İskenderiye Kütüphanesi, bir araştırma enstitüsüdür İskenderiye Kütüphanesi, bir araştırma enstitüsüdür. Burada 100 kadar araştırmacı çalışmakta ve 500 bin civarında kitap bulunmaktadır. Bu büyük bilim merkezinde Helenistik Dönemin önemli isimleri Öklides, Arkimedes (Arşimet), Claudius Ptolemeus (Batlamyus) gibileri çalışmışlardır. İskenderiye Kütüphanesi’nin sanata ve bilimi yaptığı büyük katkılar, Roma İmparatorluğu’nun burayı yerle bir etmesine kadar sürmüştür. Helenistik Dönemin en büyük düşünürlerinden Öklides (MÖ 330–260), geometri alanındaki çok önemli çalışmalarını “Elementler” adlı kitabında toplamıştır. Bu kitap, yakın zamanlara kadar geometri eğitiminin temelini oluşturmuştur. Newton’un en çok yararlandığı kaynak olarak bilinmektedir. Batlamyus’un (MS II. Yüzyıl) “Matematik Derleme” [Almagest] adlı eseri, 17. yüzyıla kadar matematiksel astronominin başucu kitabı olarak kullanılmıştır. Modern astronominin kurucuları Kopernik ve Kepler de bu kitaptan fazlasıyla yararlanmışlardır. Dönemin diğer bir büyük düşünürü Arşimet [Arkimedes] (MÖ 287–212), hidrostatik, akışkanlar fiziği ve mekanik alanlarında çok sayıda kitap yazmıştır. “Bana bir destek verin, dünyayı yerinden oynatayım” diyen büyük düşünür, değişik biçimlerdeki cisimlerde denge konusunu araştırmış ve ağırlık merkezi kavramını ilk kez ortaya koymuştur.

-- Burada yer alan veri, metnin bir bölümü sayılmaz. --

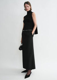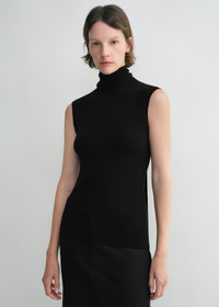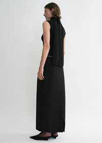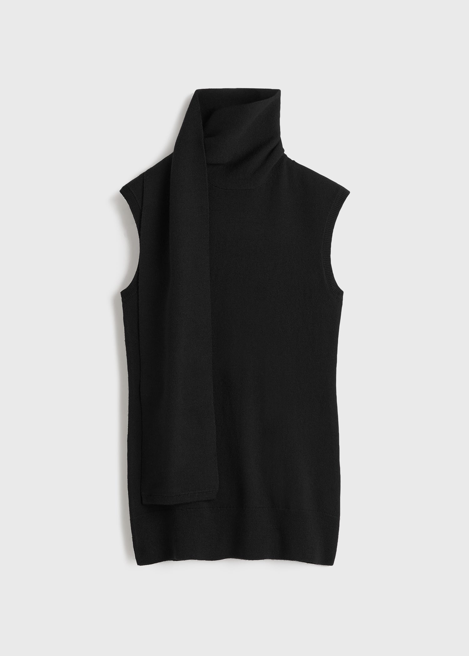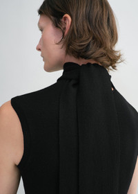 Embodying a recurring theme, this TOTEME top has a slim scarf attached to the neck for sophisticated styling. It is knitted from a mid-weight merino-wool blend with a comfortable slim shape. Tuck it into a long skirt to work. Details & Fit - Black - Attached scarf - 92% wool RWS, 8% polyamide - Cool hand wash - Style number 251-WRT4388-YA0133 - The model is 178cm/510 tall and wears a size S - True to size, slim fit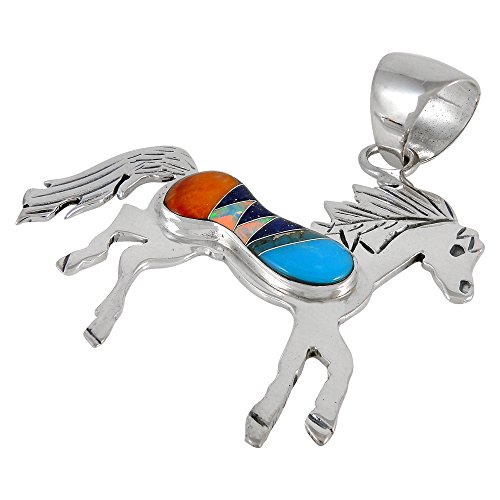 -. Feature : 925 Solid Sterling Silver (Horse Pendant & Chain) / Genuine Gemstones / Approx 1.5" wide x 1.5" tall (see ruler image) / Premium Quality | Imported / Turquoise Network: Fine jewelry at UNBELIEVABLE low prices! Accredited member of the Better Business Bureau (A+ Rated)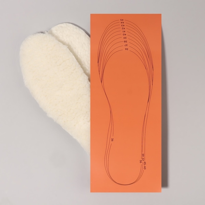 Стельки для обуви, утеплённые, двухслойные, р-р RU до 48 (р-р Пр-ля до 45), 30 см, пара, цвет белый
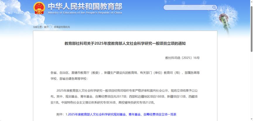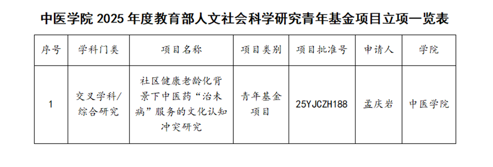12月2日,教育部社科司发布2025年度教育部人文社会科学研究一般项目立项的通知。公司教师孟庆岩主持的《社区健康老龄化背景下中医药“治未病”服务的文化认知冲突》获批青年基金项目,实现了公司在该类项目立项上“零的突破”。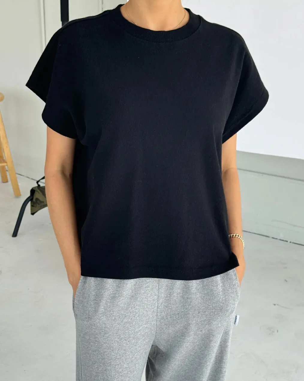 Jeanne Tee is Le Bon Shoppe’s perfect muscle tee. She features a shorter length to pair perfectly with high waisted bottoms but still give enough coverage for mid-rise bottoms and just the right amount of off shoulder dolman sleeve. She has a high crew neck with an extra wide neckband that adds to her signature charm.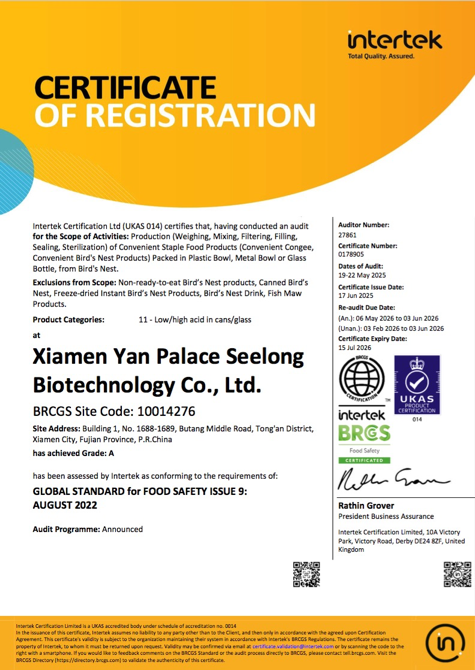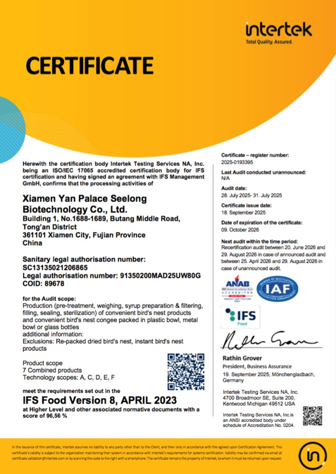 圖:燕之屋獲得BRC食品安全全球標(biāo)準(zhǔn)、IFS國(guó)際食品標(biāo)準(zhǔn)雙重認(rèn)證

Antik Yunan’dan ayrıca, istisnai olarak üç mucidin ismi günümüze kadar ulaşmıştır: * Arşimet (MÖ 387–312): Kaldıraç ilkesini, suyun kaldırma gücünü ve hacim – ağırlık ilişkisini bulmuştur. * Ktesibios (MÖ III. yüzyıl): Su saati ve pompalar icat etmiştir. Böylece hidrolik biliminin temellerini atmıştır. * Heron (MÖ I. yüzyıl): İlk yüzey ölçüm aletlerini, otomatik sahne düzeneklerini, ilk buhar veya jet motoru olarak kabul edebileceğimiz buhar jetiyle kendi etrafında dönen rüzgâr topu (aerofil) oyuncağını vb. icat etmiştir. “Mekanika” adlı ilk makine kitabını yazmıştır.